Immunofluorescence (IF) microscopy
IF microscopy was performed as previously described (26). For IF staining of HNSCC cells, TexasRed-conjugated Phalloidin (dilution 1:40, Invitrogen; Thermo Fisher Scientific, Inc.), mouse monoclonal anti-hnRNP K (dilution 1:1,000, Cell Signaling Technology, Inc.) and a rabbit polyclonal anti-p16INK4A (dilution 1:1,000, Cell Signaling Technology, Inc.) were used following 60 min of incubation at RT. The nuclei were stained using Fluoroshield Mounting Medium with DAPI (Abcam).

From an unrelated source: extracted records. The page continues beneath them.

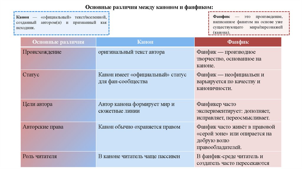 Основные различия между каноном и фанфиком:Фанфик — это произведение,
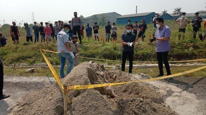 Dari kecurigaan itu, kedua saksi membongkar tumpukan pasir di Kampung Maja Nagih, Desa Julang, Kecamatan Cikande, Kabupaten Serang, Banten, Selasa (27/7/2021) sekitar pukul 09.00 WIB.
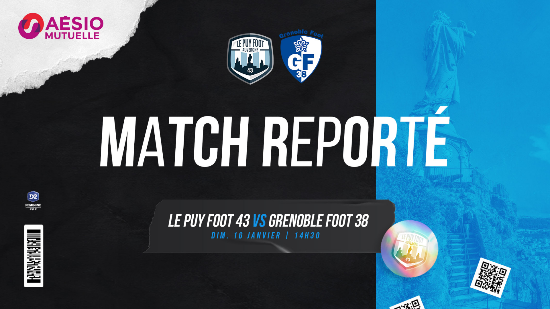 En raison d’un arrêt municipal sur les installations sportives du Puy-en-Velay, la rencontre de D2 féminine initialement prévue ce dimanche 16 janvier à 14h30, est reportée.
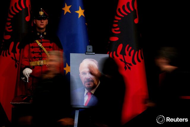 Florion Goga, fotografi shqiptar, ka shkrepur për reuters fotografi nga ceremonia shtetërore e varrimit të ish-kryeministrit të Shqipërisë, Fatos Nano, e cila u mbajt sot në Tiranë.
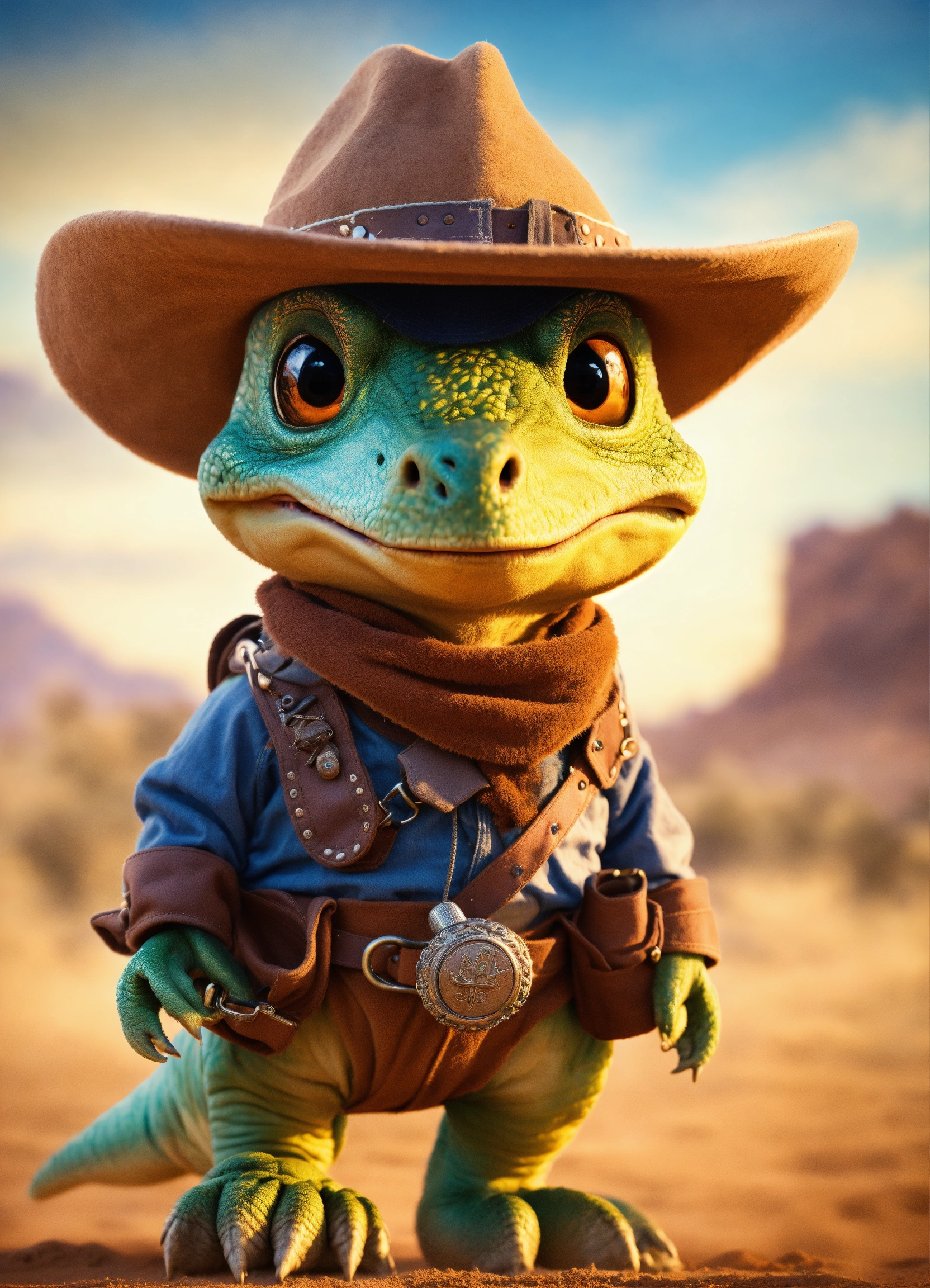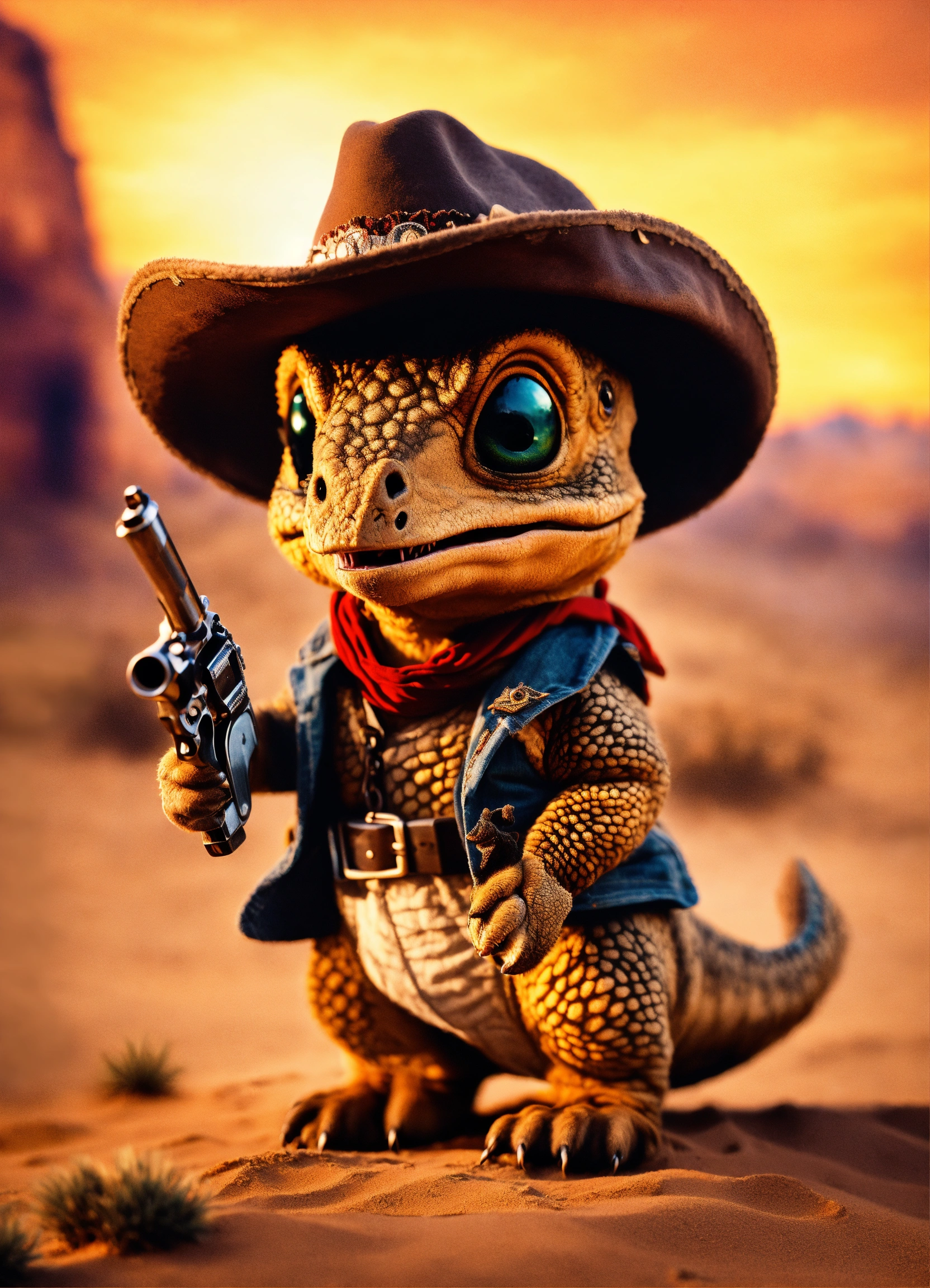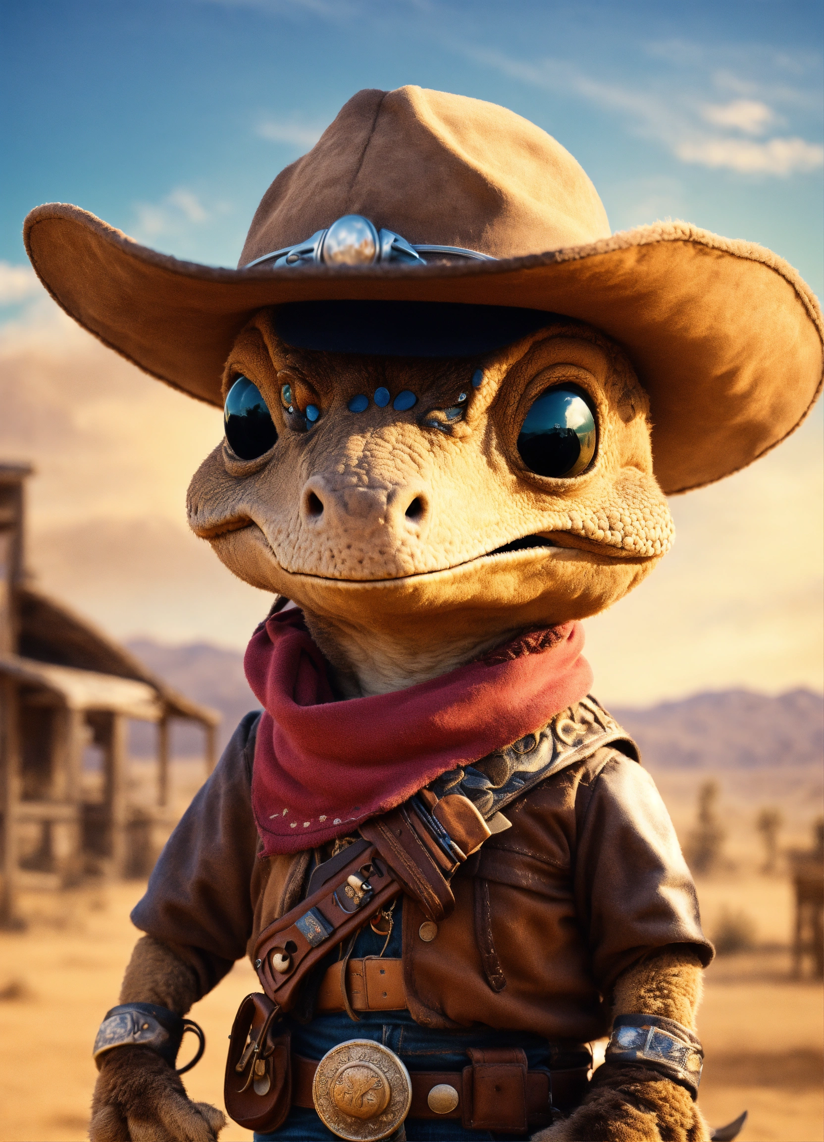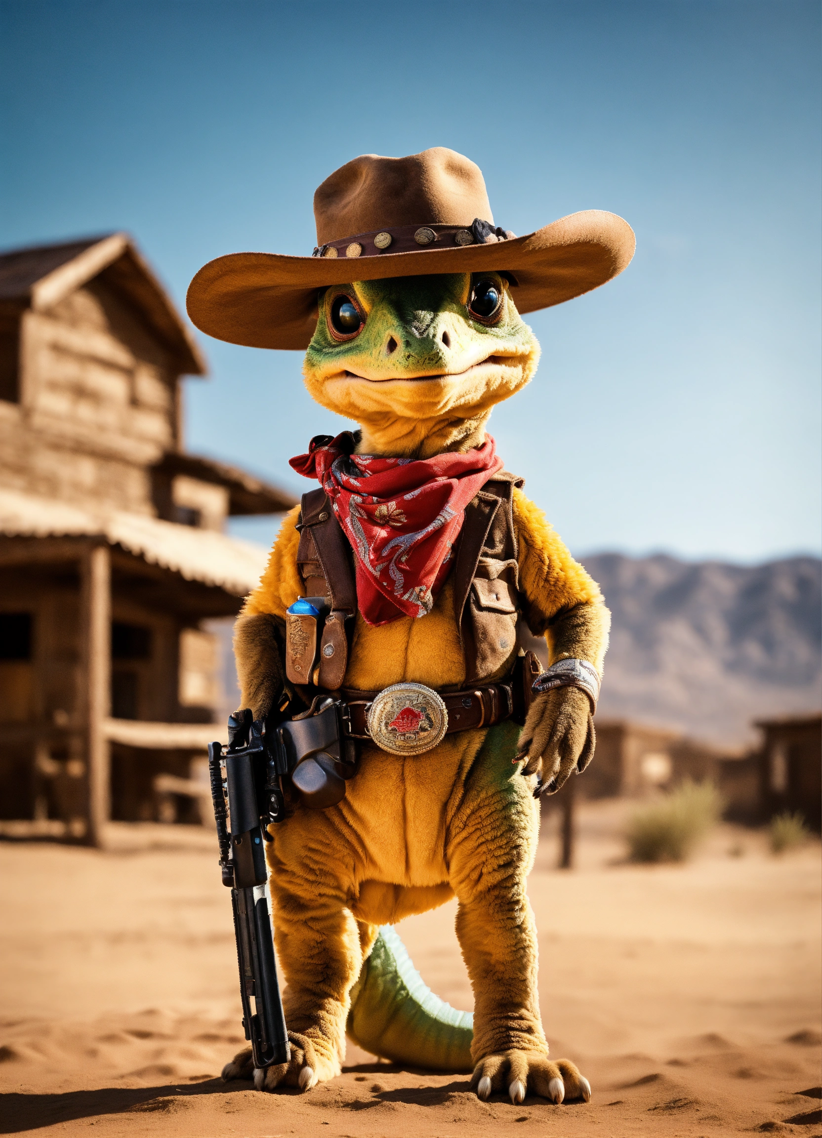 An adorable and fluffy baby dinosaur with big colored eyes, cowboy, the good the bad and the ugly theme, bandana over mouth, western, desert, with a western village and saloon, sandstorm, old revolver in hand, bright sky, with blur background, high quality, 8k
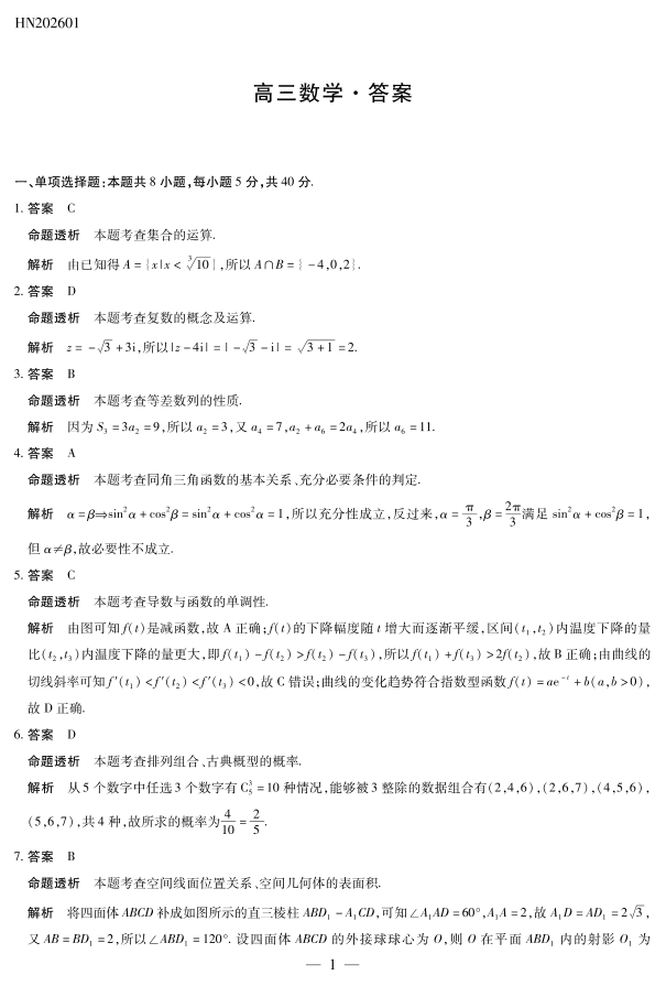 高三数学答案--河南省多校小高考2026届高三上学期素质评价(三)

Fluorescence labeling was carried out with Alexa Fluor® 488-conjugated goat polyclonal anti-mouse and Alexa Fluor® 488-conjugated goat polyclonal anti-rabbit antibodies (both from Thermo Fisher Scientific, Inc.; dilution 1:500). Image acquisition was performed with a Zeiss AxioImager 2i fluorescence microscope (Carl Zeiss AG) and the ISIS fluorescence imaging system (MetaSystems).
Apoptosis assay
Induction of apoptosis was examined 6 h post-IR using the Bio-Plex® Multiplex Immunoassay System and the Bio-Plex Pro™ RBM Apoptosis Panel 3 (both from Bio-Rad Laboratories, Inc.) according to the manufacturers' instructions.
Clonogenic survival assay
UPCI-SCC-154 and Cal-27 cells were seeded in 6-well plates (seeding densities for 0 Gy: 200 cells/well; 2 Gy: 600 cells/well) and cultured at 37°C for 24 h. Subsequently, the cells were transfected or irradiated (n=4). After 9 days, tumor cell colonies were fixed with 70% ethanol at RT for 10 min before staining with gentian violet at RT for 10 min. Colonies containing >50 cells were manually counted using a Zeiss STEMI SV8 stereomicroscope (Carl Zeiss AG). Experiments were performed in quadruplicate.
CAM assay
The CAM tumor xenograft assay was performed as previously described (27,28). Briefly, fertilized chicken eggs were incubated (37°C; 60% relative air moisture), fenestrated and a silicone ring (diameter: 5 mm) was placed on top of the vascularized CAM on day 7 of fertilization. HNSCC cells (1.5×106 cells/egg) were dissolved in a 1:1 solution of medium and Matrigel (BD Diagnostics) and grafted on the CAM surface within the ring. HNSCC xenografts were incubated for another 4 days, harvested, imaged and fixed in phosphate-buffered 4% formaldehyde solution at RT for 24 h (Roti-Histofix®, Carl Roth GmbH). After embedding in paraffin, the tumor blocks were serially cut at 5 μm and the sections were mounted on slides coated with poly-L-lysine. For subsequent IHC staining, the following primary antibodies were used: Monoclonal rabbit anti-hnRNP K (dilution 1:250; Biozol Diagnostica Vertrieb GmbH, cat. no. LS-C138027), monoclonal mouse anti-Ki-67 and monoclonal mouse anti-desmin (dilution 1:100; both from Dako; Agilent Technologies, Inc., cat. nos. M7240 and M0760).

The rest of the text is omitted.